This columnist also remarked on frequent references to “the will of the people” by proponents of the Clean Election Law – “a well-intentioned if deeply flawed effort to reduce the decisive role money plays in state politics.” Many would challenge use of the word “decisive” here but not the phrase “deeply flawed.” One flaw is that the “Law” recognizes candidates but not parties as actors in electoral politics. It would provide no public funding to or through political parties even though the ballot question as worded would not preclude a law enacted by the Legislature from doing so.(6) “Clean Money” would go only to candidates, thus further diminishing the role of parties in the political process. Reliance upon initiative and referendum (I&R) as the primary tool of reform undermines the role of parties in the first instance, even before an initiative would take effect if passed. In Massachusetts, ex-Governor Cellucci is recognized as someone who successfully promoted the use of I&R but who whose leadership of the state GOP served to further undermine his already weak party.


Many political scientists have pointed to the undemocratic nature of “plebiscitary” democracy via I&R – another irony that should earn a frown rather than a smirk. So, here is yet “another nail in the coffins of parties” brought about through “well-intentioned” efforts of those characterized as “reformers” by media writers who understand no more of the political process than the reformers do.


More generally, the debate over Clean Elections initiatives features those who favor “direct democracy” vs. those who respect the fact that American governments at all levels, constitutionally, are representative democracies.
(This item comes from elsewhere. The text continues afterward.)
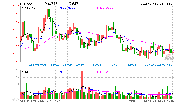 1月5日,养殖ETF(159865)开盘涨0.00%,报0.631元。养殖ETF(159865)重仓股方面,牧原股份开盘涨0.04%,温氏股份跌0.36%,海大集团跌0.20%,新希望涨0.11%,梅花生物涨0.20%,大北农涨0.00%,圣农发展涨0.00%,生物股份涨0.13%,天康生物涨0.14%,立华股份跌0.43%。

Another basic controversy implicit in the debate is that between “public” and run-of-the-mill journalism. Journalists like the one last quoted did nothing to probe the issue sufficiently to inform the public before they voted on it. Then, when the voting is over, they hide behind the “popular will” as sufficient justification for ex-post rationalization of an initiative that some recognize as “deeply flawed.”   


Yet another irony seems to have escaped observers of state reformers’ efforts even though it is well known to public finance economists. This is that the introduction of significant amounts of public money into some segment of the political economy almost invariably has an inflationary effect. Goods and services purchased with public money tend to increase in price faster than the CPI. U.S. Senators participating in the CFR debate called attention to political inflationary factors in a situation where the only public money has been that committed to Presidential campaigns but where the prime driver has been heavy infusions of private “soft money.” Thus, Clean Money reformers, like others who have to face the lessons of past reform history, can anticipate seeing their initiatives fulfill the “law of unintended consequences.” By centering their reforms on money, they will increase the cost of campaigns and make them more, not less, dependent upon money over time.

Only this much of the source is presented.